While he looks like everyone else on the outside, John is actually from another planet. He has incredible powers that many of us wish we had on any given day, but he’s not able to explore those abilities because he fears he will blow his cover. Taking over duties as John’s guardian is Henri (Timothy Olyphant) in a role that sutures him well. He channels that father figure and isn’t afraid to put up a fight when needed. John is tired of being secluded from the outside world, so he chooses against Henri’s wishes to enroll in school; that’s where he meets Sarah (Dianna Agron). She’s likable, unique and develops a relationship with John that blossoms.

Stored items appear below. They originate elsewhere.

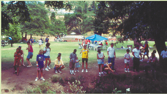
Lake Temescal is a popular venue for Regional Parks-sponsored fishing derbies. Inner-city kids enjoy a day of fishing, picnicking, and enjoying the day with volunteers.

MEMBERSHIPS The Regional Parks Foundation offers Memberships to park users. For more information, call (510) 544-2220.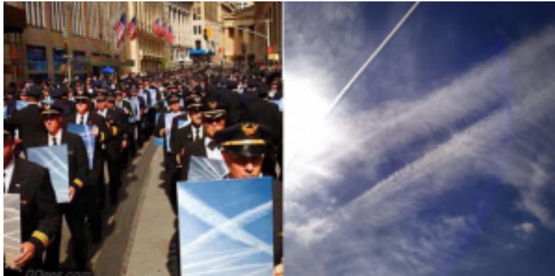
Pilots marching to protest chemtrails

https://goldenageofgaia.com/2023/02/26/whats-actually-happening-with-chemtrails-part-2-8/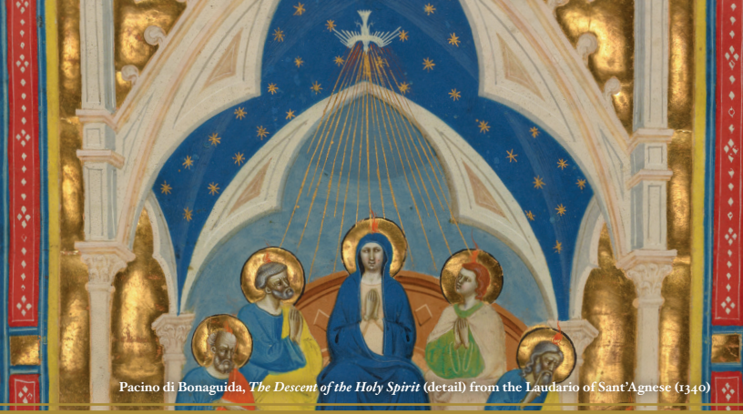
Pacino di Bonaguada, The Descent of the Holy Spirit (detail) from the Laudario of Sant'Agnese (1340)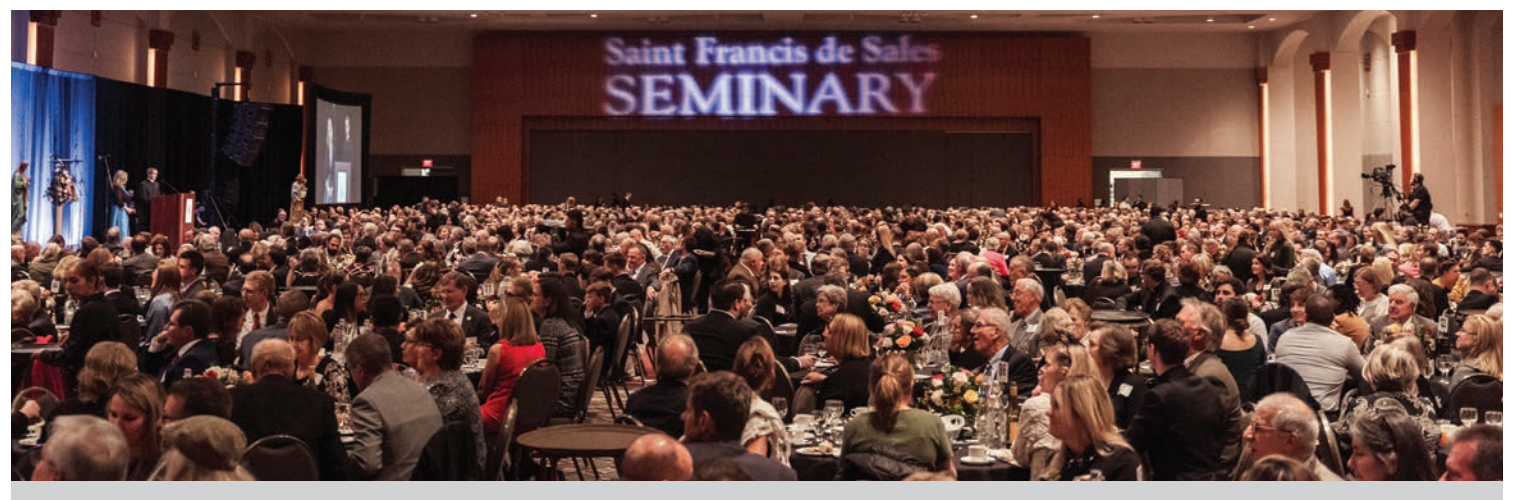
The sold-out ballroom is a testament to the dedication of our benefactors.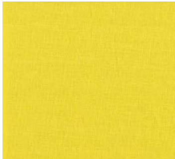
SC5333 STRAW COTTON COUTURE 1/8 yard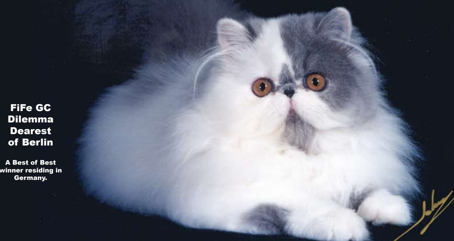
FiFe GC Dilemma Dearest of Berlin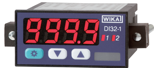
Digital indicator model DI32-1

It features a multi-function input with 23 different input configurations. The appropriate input signal can be selected through the terminal assignment and entering the corresponding parameters into the instrument configuration. Thus, the instrument can be used for the display of measured values from transmitters with current and voltage signals as well as those from resistance thermometers and thermocouples. Furthermore, it is possible to use the indicator for the measurement of frequency and rotational speed and also as an up or down counter.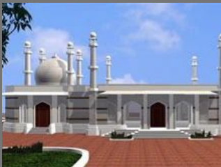
Uvaisia Roohani Ashram Ajmer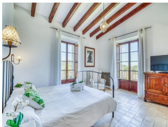
One of the 4 double bedrooms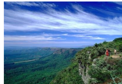
Bourke's Luck Potholes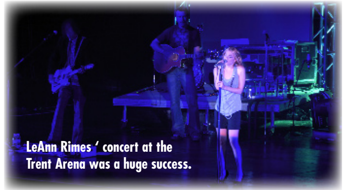
LeAnn Rimes' concert at the Trent Arena was a huge success.

The Kettering Education Foundation was established to create opportunities for interested citizens, organizations, and businesses to enhance the educational opportunities in the Kettering school system. Contributions are sought from supporters of education and used to fund a grants program supporting curriculum-based programs and innovative teaching.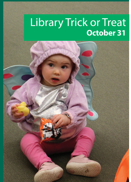
Library Trick or Treat October 31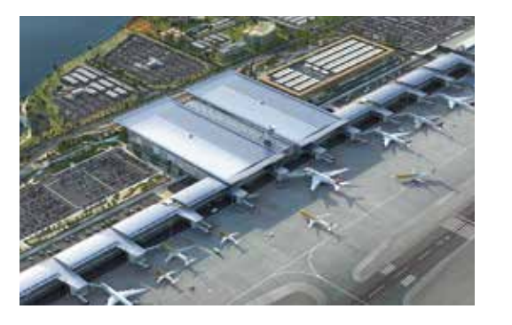
Bahrain International Airport New Passenger Terminal Building, Muharraq / Bahrain

Passenger Terminal Complex of the Hamad International Airport is the biggest construction contract that TAV Construction has been awarded and completed thus far with a total built-up area up to 550,000 square meters.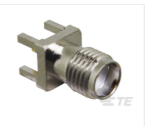
TE Part # CONSMA001 SMA Jack 50 Ohm PCB Through Hole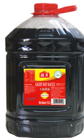
10.5 L PET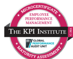
Micro-certificate in Employee Performance Maturity Assessment

NOTE: These three micro-certificates are not offered as part of the Certified OKR Professional Program, they can be purchased separately. For more information, CLICK HERE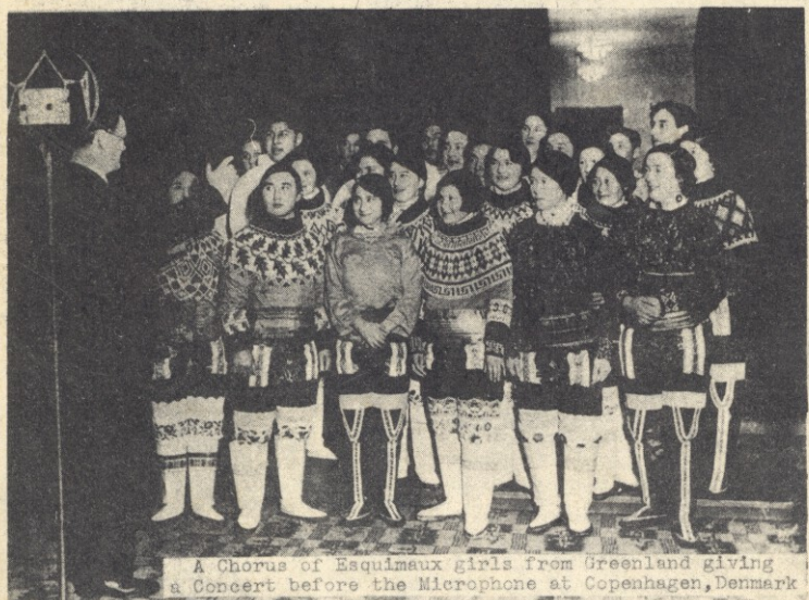
A Chorus of Esquimaux girls from Greenland giving a Concert before the Microphone at Copenhagen, Denmark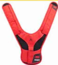
3M™ Protecta® Harness Comfort Shoulder and Back Padding

Comfortable, lightweight and breathable padding for better comfort and shoulder and back protection. Can be easily fitted or removed by the user. Suitable for all new 3M Protecta harness models.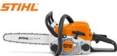
16" Chainsaw Lightweight gas engine, 30.1cc, 1.3 kW (MS170)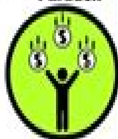
Temporal Lottery Paradox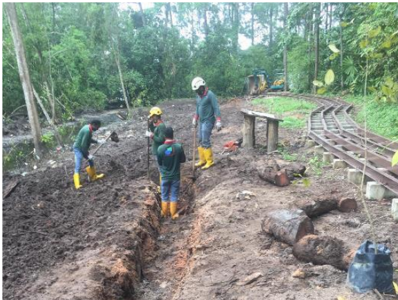
Fig. 16. Trenching of channels to bring in seawater for more areas to be inundated during high tide.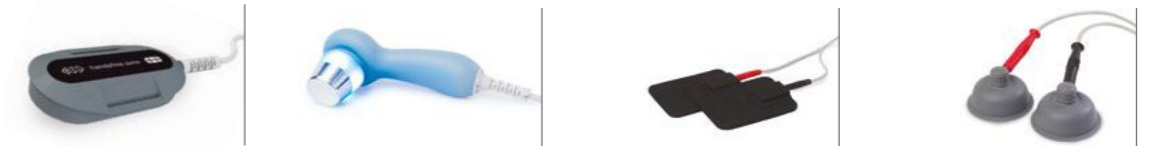
Accessories for BTL-4000 SMART / PREMIUM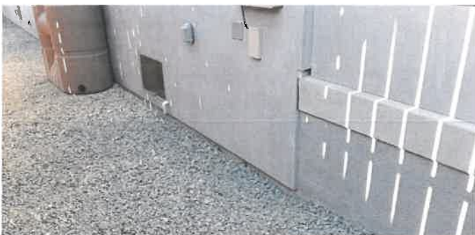
West side (southern end) ✓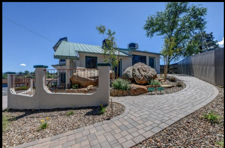
Exterior Unit 2 and Unit 3

Exclusively Listed By: Tom Semancik & Denise Raney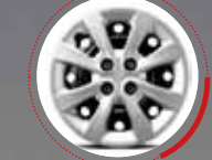
15-inch steel wheel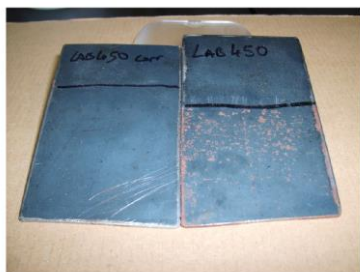
New (left) vs. old formulation, cleaned in Lab 450, rinsed and left to air dry and age for 4 weeks.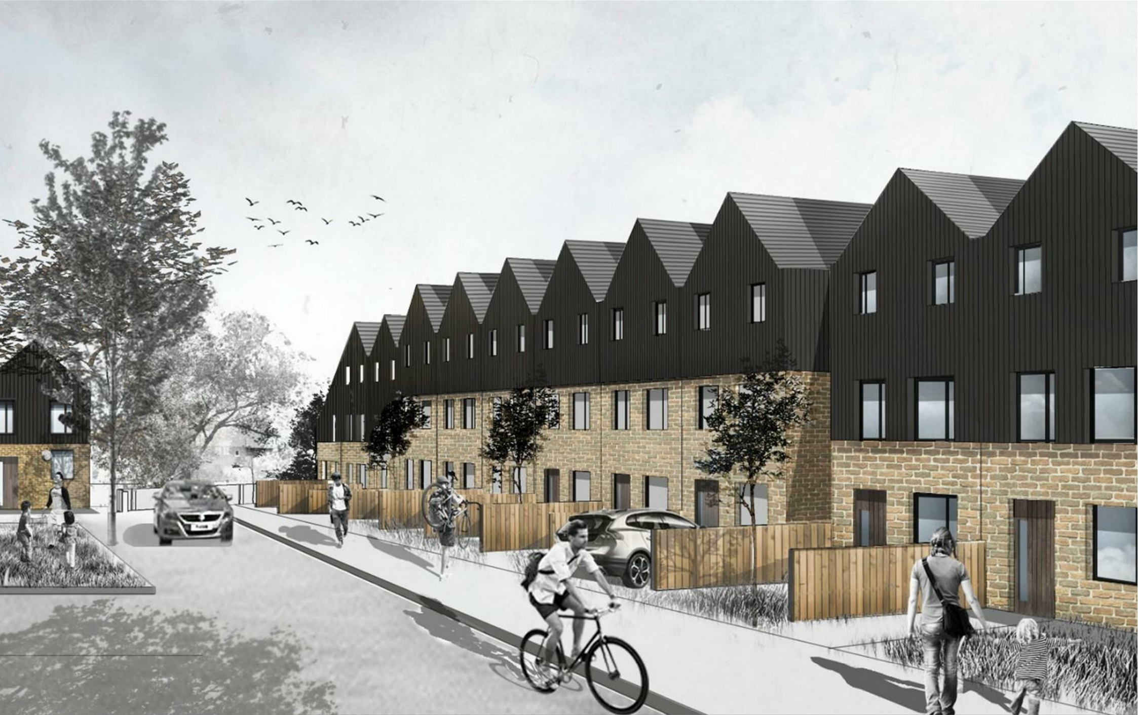
📍 Low Lights Development, North Shields NE30 1AR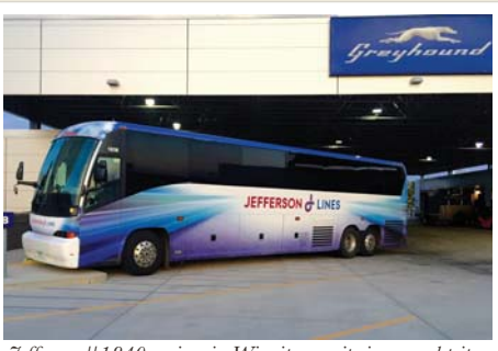
Jefferson #1840 arrives in Winnipeg on its inaugural trip.

located in the Greyhound Canada Terminal at the Winnipeg International Airport and will connect with Greyhound 's mainline national service. Jefferson provides a key link to Grand Forks and Fargo, North Dakota, Sioux Falls, South Dakota, Minneapolis, Minnesota and Milwaukee, Wisconsin.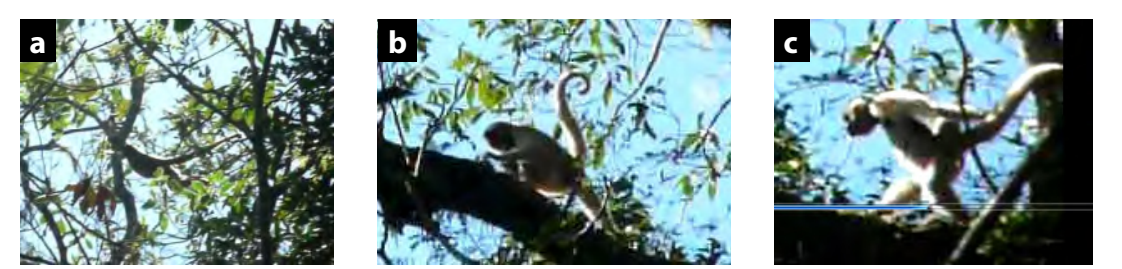
Figures 2. Video frames showing Brachyteles arachnoides at the Fazenda Olho D'Água. In these captured frames, the identifying morphological and postural characteristics are clearly seen. a) shows brachiation, protruding abdomen and long prehensile tail. b) illustrates the large body size and yellowish-brown pelage. c) shows bipedalism.

This new population of mono is approximately 37 km NE of the other known population in Paraná (Fazenda João Paulo II, Figure 1), in a ~700 ha forest fragment (Fazenda Olho d'Água). The population in Fazenda João Paulo II, found in 2002 (Koehler et al. 2002), is at least 14 years old and seems to be stable where reproduction has been observed (Koehler et al. 2005; Ingberman et al. 2009). This newly identified population at Fazenda Olho d'Água has also been recently reported to us by the local people in 2015 as still living in the fragment (Ingberman 2015). Both populations are on unprotected private lands and in isolated forest fragments. The area of these fragments is predicted to maintain the populations for at least 50 years (Jerusalinky et al. 2011), but the fragments are too small for long-term persistence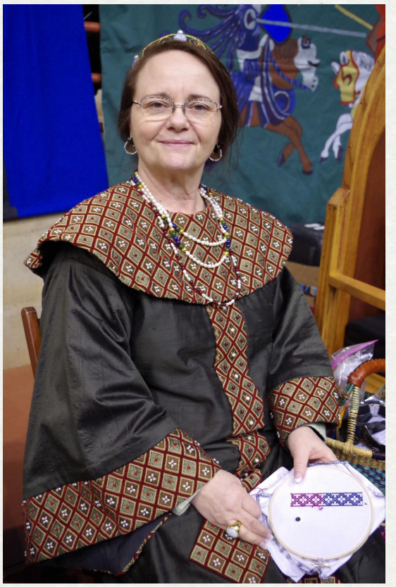
At Meridian 40th Year doing what I love

The Society's caring and giving nature. Whether personal or Kingdom level crisis we are there for each other. We are chosen family. That and really cool historical stuff.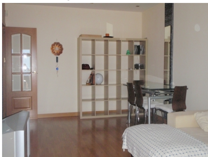
Large living room with table and shelf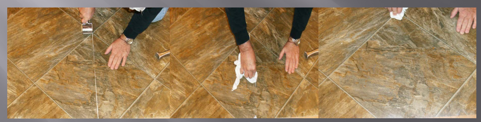
Lay in second piece and hand roll adhesive will ooze up between the pieces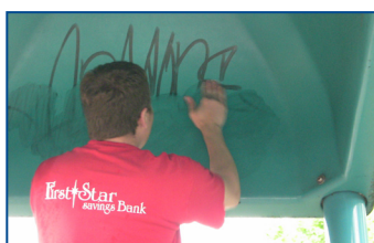
First Star Bank Volunteer Fights Blight

According to the National Association of Realtors, the presence of graffiti in a neighborhood reduces the value of its homes by 15%, if the graffiti is hateful, 25%! Translation: if your house is worth $200K it's a $30,000 hit you are taking. For a few bucks worth of spray paint and Sharpies, a graffiti vandal is taking $30 grand out of your pocket. Graffiti pg. 3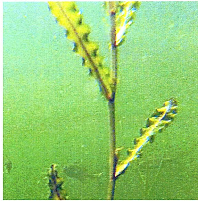
Curly-leaf pondweed ( Potamogeton crispus )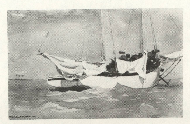
Key West: Hauling Anchor WINSLOW HOMER National Gallery of Art, Washington

A selection of 55 Christmas cards of paintings and prints in the Gallery's collection is available in the publications sales areas in both East and West Buildings. The subjects include The Rest on the Flight into Egypt by Gerard David, selected as the 1979 religious Christmas stamp. The 1980 Wall Calendar features 14 color reproductions from John James Audubon's "Birds of America." Also available are note folders and a selection of wrapping paper from the Index of American Design as well as a portfolio of color reproductions of six landscapes and seascapes by Winslow Homer.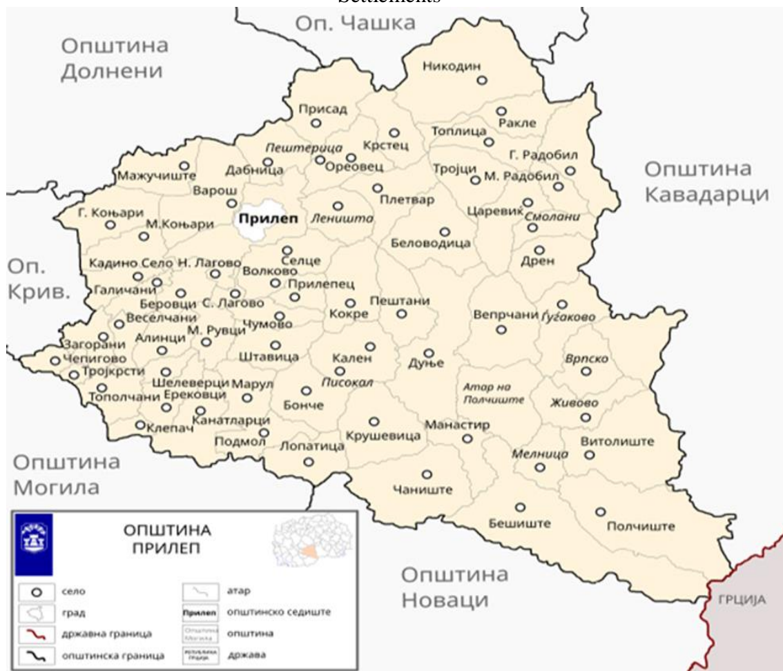
Map 2. Presentation of the Municipality of Prilep and the atari of the village Settlements

( https://www.bing.com/images/search?q=geographical+position+of+the+municipality )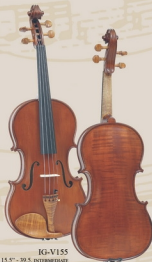
IG-V155 15.5" - 39.5, INTERMEDIATE 'GLORIA' VIOLA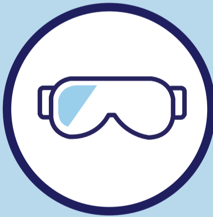
Goggles/ face shield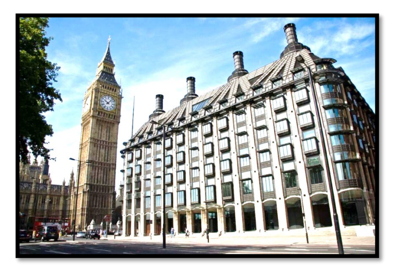
Figure 1: House of Westminster, Portcullis House, London

2023 saw the launch of UNISON's ' Year of Black Workers ' campaign with Maragaret Greer, UNISON National Officer for Race Equality, putting out a call for ten Black Members Officers to attend a parliamentary round table discussions at the House of Westminster hosted by Bell Ribeiro-Addy (Labour MP for Streatham) and with several other MP's in attendance from the party, who all sympathise and want to progress UNISON's campaign around the Ethnicity Pay Gap (EPG), Cost-of-Living, Windrush Generation, UN immigration and the hostile environment to ensure UNISON's Black member objectives are being taken forward for consideration, as such, I jumped at the opportunity to get invovled.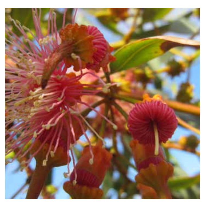
Close-up of Coral Gum foliage and flowers

The tree has rough flaky grey-black bark and grey-green leaves. The developing flowers are covered by decorative horned red caps. A prolific display of coral red to pink flowers are produced through spring and summer.

The movie plays with the typical cliché of high school: the popular kids, the geeks, the loners and so on. There is a remarkable scene in the film where John stands up for loner Sam (Callan McAuliffe) by throwing a football, full force at a bully. Amidst the high school drama, John discovers it is difficult to conceal his super powers and his identity to those surrounding him. The impending threat of danger from locals and mercenaries out to destroy him, forces John to realize he must fight for his survival along with his new friends.

The primary issue with the film is that there are so many dull moments.  Does the audience need to see the interaction between Sam and his stepfather?  Why is the film so focused on highlighting the high school bully who just annoys the audience more and more each time he appears on screen?  If those moments were taken out this movie would be completely satisfying. There were several occasions where I found myself aloof to what was going on because things became so tedious. “Where are the fight sequences, the action and the explosions?” I kept asking myself.

When the film reaches its climax, as a viewer you’re completely hooked.  It has your undivided attention and doesn’t let go.  When Number Six (Teresa Palmer) shows up, she kicks butt, provides that comic relief and instantly controls the film in my opinion. I wish we had more of her throughout the film to keep the momentum going.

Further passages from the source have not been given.